[PROVIDED DATA Boundary: Start]

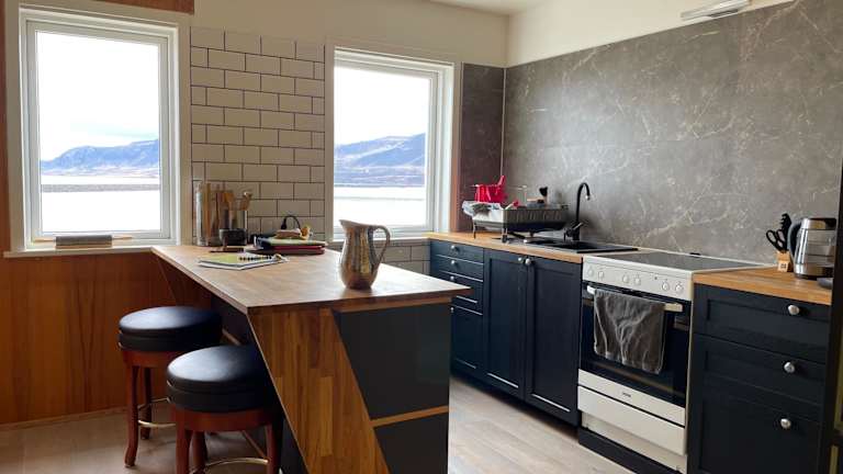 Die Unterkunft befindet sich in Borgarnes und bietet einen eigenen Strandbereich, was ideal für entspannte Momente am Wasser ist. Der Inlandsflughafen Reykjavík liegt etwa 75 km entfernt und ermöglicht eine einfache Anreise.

[PROVIDED DATA Boundary: End]
[PROVIDED DATA Boundary: Start]

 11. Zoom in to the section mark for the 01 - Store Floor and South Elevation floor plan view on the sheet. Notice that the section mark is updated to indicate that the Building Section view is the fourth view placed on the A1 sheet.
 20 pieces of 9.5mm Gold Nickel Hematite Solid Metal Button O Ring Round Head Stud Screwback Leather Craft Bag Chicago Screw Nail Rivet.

[PROVIDED DATA Boundary: End]
[PROVIDED DATA Boundary: Start]

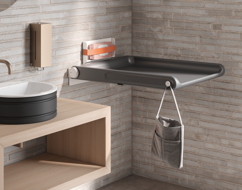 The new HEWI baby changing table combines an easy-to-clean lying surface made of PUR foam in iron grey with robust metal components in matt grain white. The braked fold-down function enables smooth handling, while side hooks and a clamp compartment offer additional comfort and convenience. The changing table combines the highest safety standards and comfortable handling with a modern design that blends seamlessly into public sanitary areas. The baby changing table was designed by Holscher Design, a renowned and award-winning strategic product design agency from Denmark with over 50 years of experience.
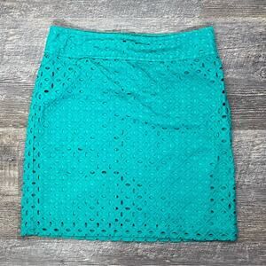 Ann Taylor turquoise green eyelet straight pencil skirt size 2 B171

[PROVIDED DATA Boundary: End]

• _WHAT YOU HAVE TO DO_
The response should be the listing above, limited to the lines between the one holding "11. Zoom in" and the one holding "20 pieces of", inclusive, reproduced exactly.

• _EXERCISE RESPONSE_
 11. Zoom in to the section mark for the 01 - Store Floor and South Elevation floor plan view on the sheet. Notice that the section mark is updated to indicate that the Building Section view is the fourth view placed on the A1 sheet.
 20 pieces of 9.5mm Gold Nickel Hematite Solid Metal Button O Ring Round Head Stud Screwback Leather Craft Bag Chicago Screw Nail Rivet.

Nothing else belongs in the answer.